Le premier spot se situe plus précisément à quelques kilomètres de Leninskoye, petite bourgade perdue au milieu de la taïga. Après une fin d’après-midi ponctuée par une nouvelle session mécanique, il nous fallait nous changer les idées. Et pour cela rien de tel que l’improvisation d’une session “glisse” au coucher du soleil.  C’est entre le motel et la station essence Lukoil, que Julien et moi partons à la conquête de la descente la plus proche, planche à roulette sous le pied. Aléa du voyage oblige, ce n’est pas chaussés de vans mais avec la paire de baskets achetée au Chili que j’effectue les premières poussées. S’ensuit une petite prise de vitesse sur les premiers mètres, avant de se lancer dans les premières courbes et premiers virages. N’ayant pas mis les pieds dans un salon de coiffure depuis notre départ, c’est cheveux au vent accroupi sur la planche que j’effleure le bitume pour lui déclarer tout mon amour. Les sensations sont de retour, une parenthèse enchantée ! La pente s’inversant, il faut alors rebrousser chemin. Face à nous, les feux des routards nous éclairent ; avant que les deux points rouges ne s’échappent derrière le virage venu. Une fois de retour à hauteur de la station essence, il est temps de s’élancer de nouveau, puis de réitérer cette expérience jusqu’à être rassasié d’adrénaline à la nuit tombée.

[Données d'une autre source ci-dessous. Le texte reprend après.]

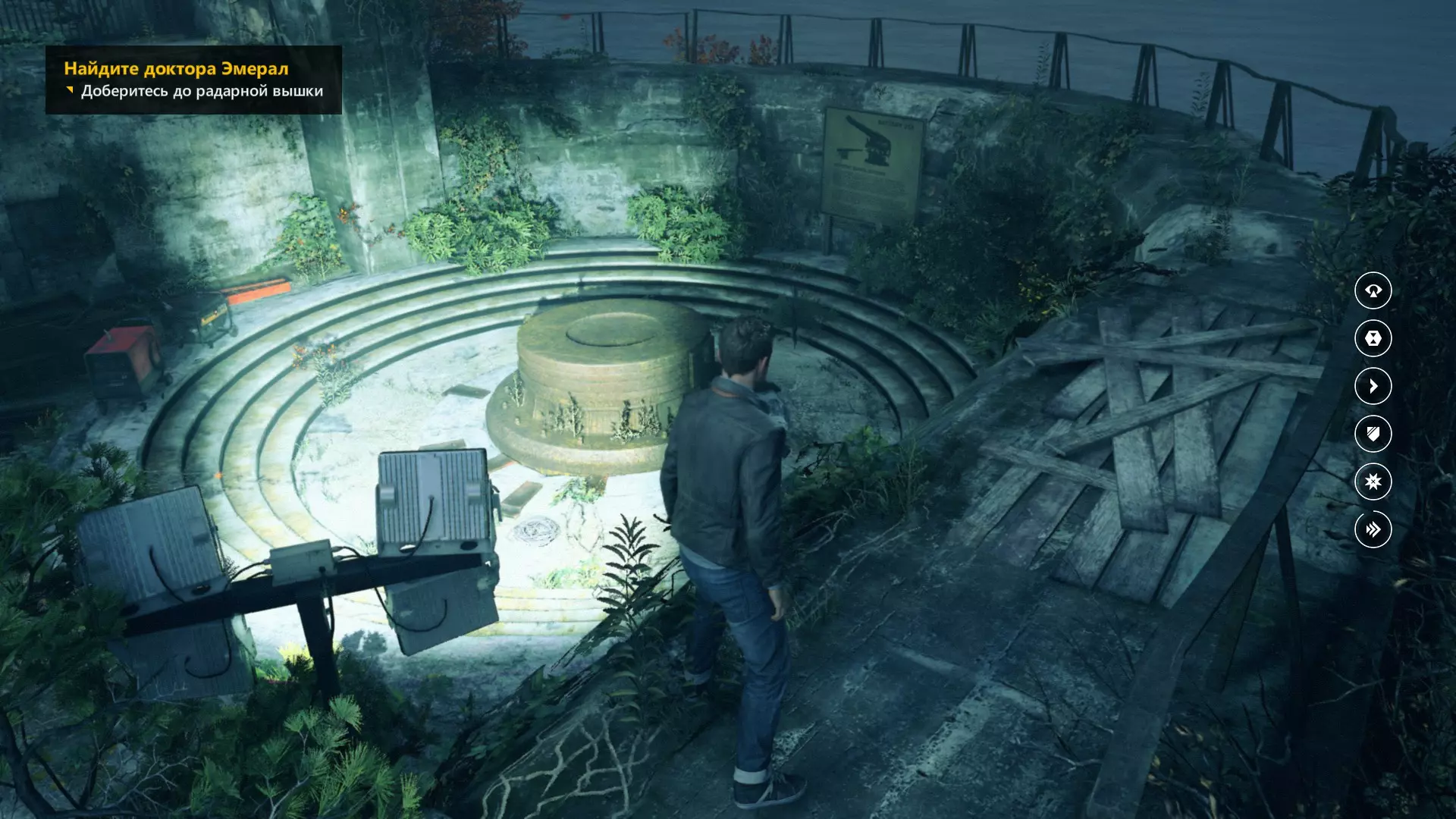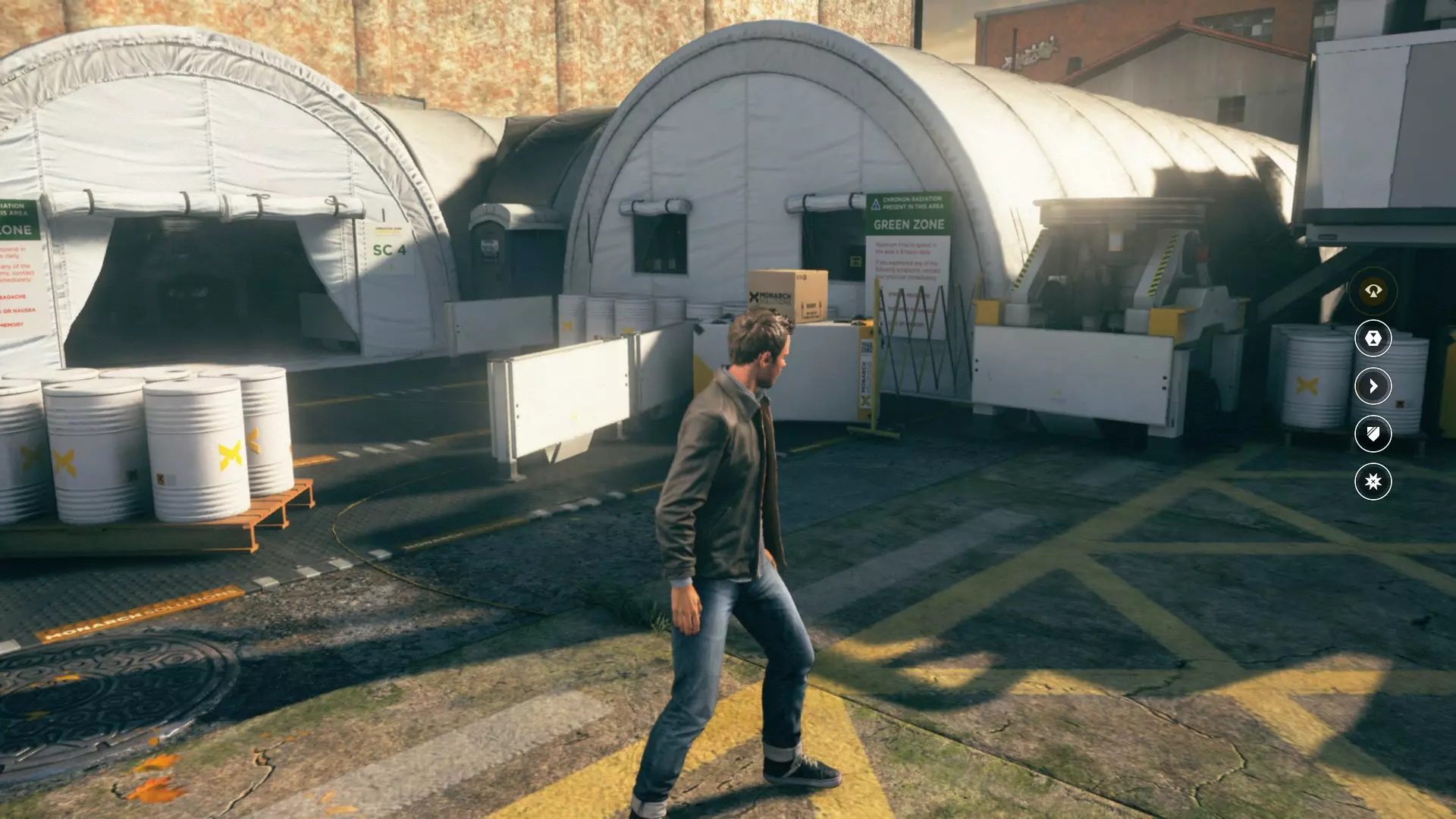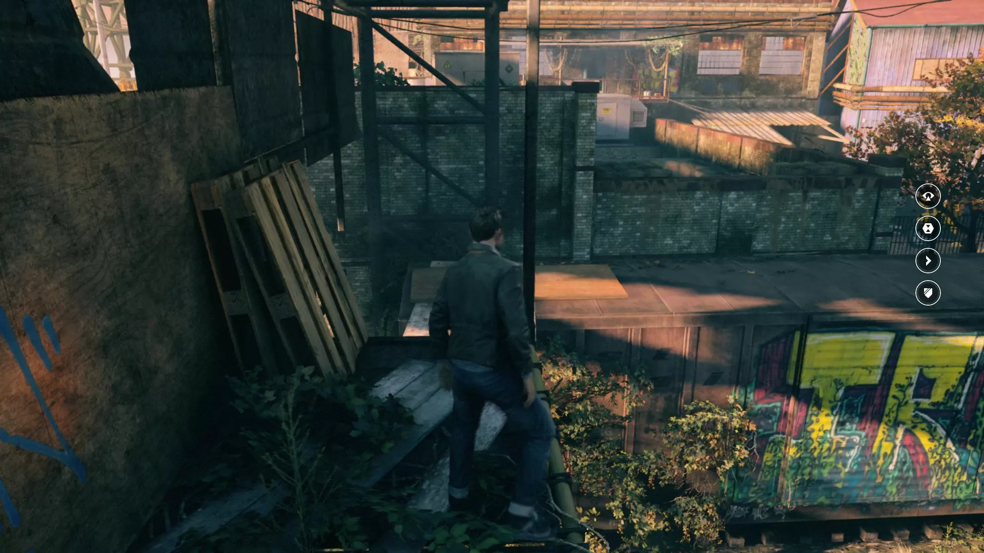 3. 修复炮台,然后登上右侧的混凝土护栏。之后沿着墙壁奔跑,在尽头开启时间视觉。

Peu avant Iekaterinbourg une pause au milieu de la taïga est une nouvelle opportunité pour sortir la planche. Nous profitons de cette douce pente qui sévit sur cette ligne droite au milieu des sapins. Nous avons définitivement fait de ce paysage surréaliste de la taïga notre terrain de jeu, et ce quelque soit notre moyen de locomotion. Son asphalte n’y est pourtant pas de toute meilleur qualité, mais Paul Verlaine ne disait-il pas “ Bitume défoncé, voilà ma route – avec le paradis au bout.”